The Valley Fire – as it would be named – spread deep into Middletown and nearby Hidden Valley. Mandatory evacuations were issued, but the flames spread so fast that many didn’t get the message in time.

In the end, four firefighters suffering second-degree burns, four residents lost their lives and almost 2,000 structures were decimated – including 1,322 homes and 73 businesses.

But the battle continues, long after the fire was extinguished. In some ways, it continues today thanks to the lack of federal and state resources that never quite make it down to small, out-of-the-way communities like Middletown.

For two months, tree roots smoldered, and dangerous sparks would fly up from the ground. And the remnants of charred cars and blackened belongings, evidence of people’s quick flights from home, could be seen along the road months later.

Just when Lake County residents thought things could not possibly get any worse, they did.

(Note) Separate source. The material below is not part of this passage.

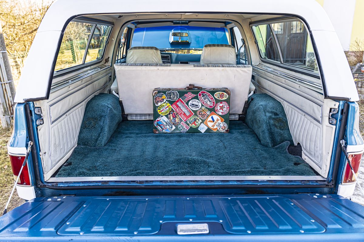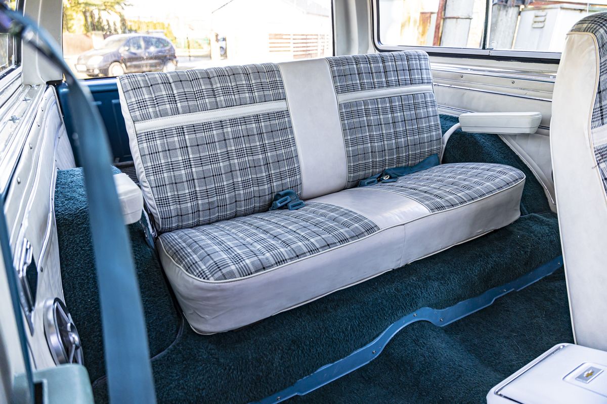 Když už sedím za sportovním volantem (který bohužel není originál, ale celkem ladí s dalšími úpravami), nemohu nezmínit čalounění. U těchto aut se sázelo na odolnost, takže použitá kombinace vinylu a látky byla vrcholem. A nejstylovější byl právě kostkovaný vzor Plaid, typický pro výbavu Cheyenne a dnes nejžádanější ze všech. Doplním, že pravá kůže se nedodávala, další možností bylo jen čistě vinylové čalounění, k němuž jste se v létě beznadějně přilepili. A to nechcete, takže raději než moderně přečalouněná sedadla volíme stylový původní vzor, který dokonale dýchá atmosférou 70. let. Komfort posádky zvyšovala silnější izolace proti hluku, koberce místo gumových podlah a v neposlední řadě zapalovač, důležitý doplněk doby. Doplním, že zvenku se výbava Cheyenne dala rozeznat ještě podle znaků a chromovaných lišt s černým nebo gumovým středem, které se táhly po celé délce vozu, ale v našem případě u renovovaného auta bohužel zatím nebyly namontovány.

The summer of 2016 brought another onslaught of deadly wildfires across California – killing seven and scorching more than 500,000 acres of land. The Clayton Fire tore through nearby Lower Lake, where Gonzalez Brush Busters is located.

Harmon Smith, a retired 82-year-old marketing executive, called this summer "the worst" he has seen.

His hilltop house was somehow spared, but three neighborhood homes burned to the ground. He vividly remembers residents running for their lives without cars as the conflagration chased them.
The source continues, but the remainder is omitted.